Мы подняли ее, голова Омелы откинулась, качнулась, а лицо у нее было бледным-бледным, как только однажды — после операции… Необходимости нести ее вдвоем не было, но казалось, ни один, ни другой не имели права на самостоятельность. Мы ее уложили. Мне сделалось жутко. Антоан сказал: «Ничего, она дышит…» Омела слегка застонала и пошевелилась. Но сознание к ней не вернулось, невидящие глаза были по-прежнему открыты.
Нужен доктор. Я не двигался. Мне по-прежнему было жутко. Жутко от отчетливого сознания неизбежности. Зато Антоан разводил лихорадочную деятельность. Он уже набирал номер. Он сказал: «Ну, что ты стоишь… не видишь, у нее ледяные руки… давай, неси грелку…» Я тупо спросил: «Грелку?» — а он: «Ну конечно, ты же знаешь, их две, красная и синяя, висят на двери бельевого шкафа в ванной, горлышком вниз». Конечно, я знал. Я пошел в ванную, зажег свет. Две грелки, красная и синяя, горлышком вниз. Вода чуть теплая, но, может, пойдет погорячее. Я видел себя в зеркале. Ну и ну, о Господи! Но глаза все-таки голубые. Волосы зачесаны назад. Нет, чуть теплая. Я пошел на кухню согреть воды. Которую взять из кастрюль? Пожалуй, эта велика. А та в самый раз. От автоматического включения плиты я всегда чуть ли не подпрыгиваю. Как из круглой кастрюли перелить воду в грелку? Ага, оловянный кувшинчик с носиком, налью в него, и… «Что ты копаешься?» — возмутился Антоан. Омеле, однако же, лучше. Она закрыла глаза. Я подложил грелки ей под колени. А Антоан укрыл розовым в зеленую клетку пледом.
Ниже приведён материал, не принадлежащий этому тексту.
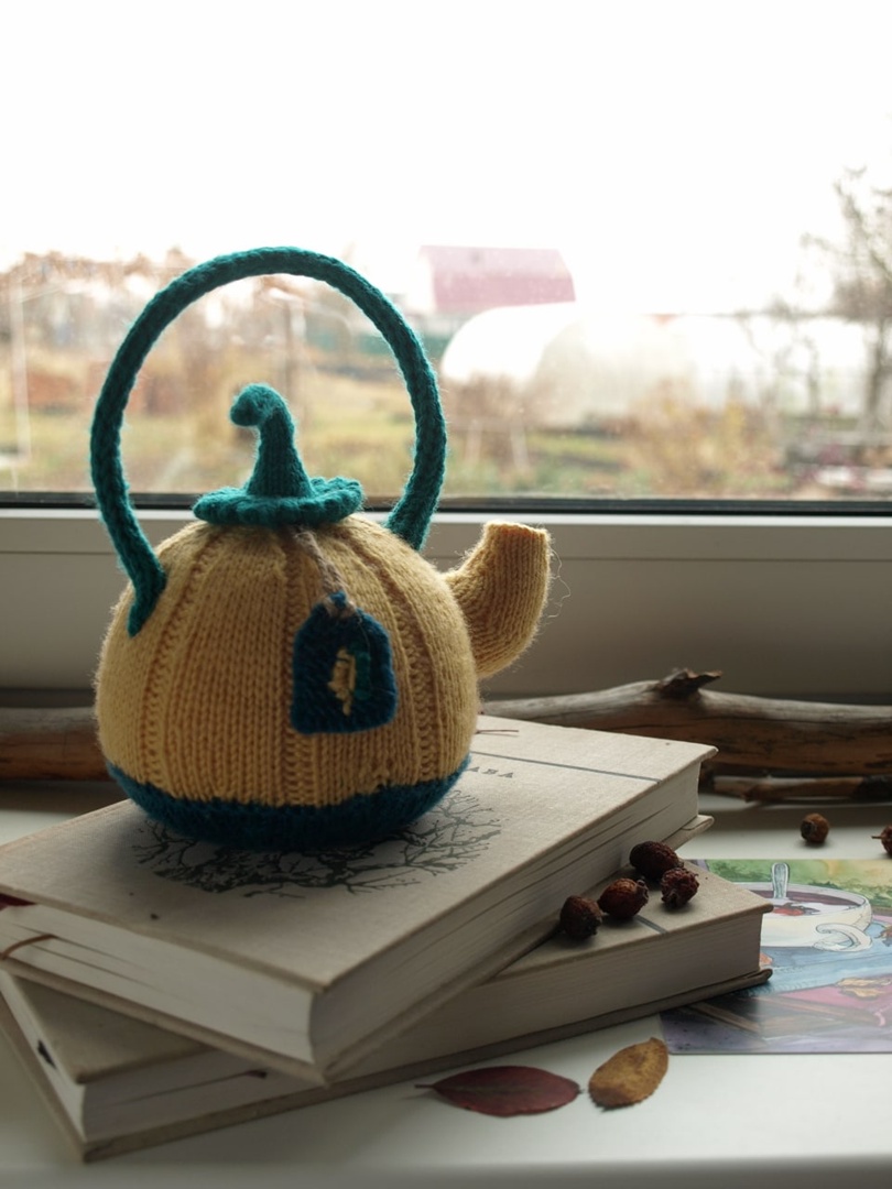 Ольга Степанова рассказала, что начала вязать свои первые игрушки, когда ушла в декрет. Это были погремушки и пледы, связанные с помощью крючка. Но довольно быстро мастерица поняла, что более близки ей фигурки, связанные спицами. Первой игрушкой, которую Ольга связала спицами уже будучи взрослой, был чайник-тыква.

Теперь он воюет с телефоном. Один номер не отвечает. По другому говорят, что доктор вернется только в понедельник. Угораздило же заболеть в субботу! Известное дело. Подыхай себе на здоровье! У врачей не должно быть воскресений. Может, позвонить доктору Бравону? Он только что уехал в Гро-Рувр, позвоните ему туда через час… Туда? Ни к чему. Я больше никого не знаю. Но в справочник ты можешь заглянуть, Альфред… Что-то забрезжило… Что-то такое было… гляжу на Антоана и припоминаю, как будто все сызнова, опять я тону… Ага, осенило — я вспомнил о Кристиане.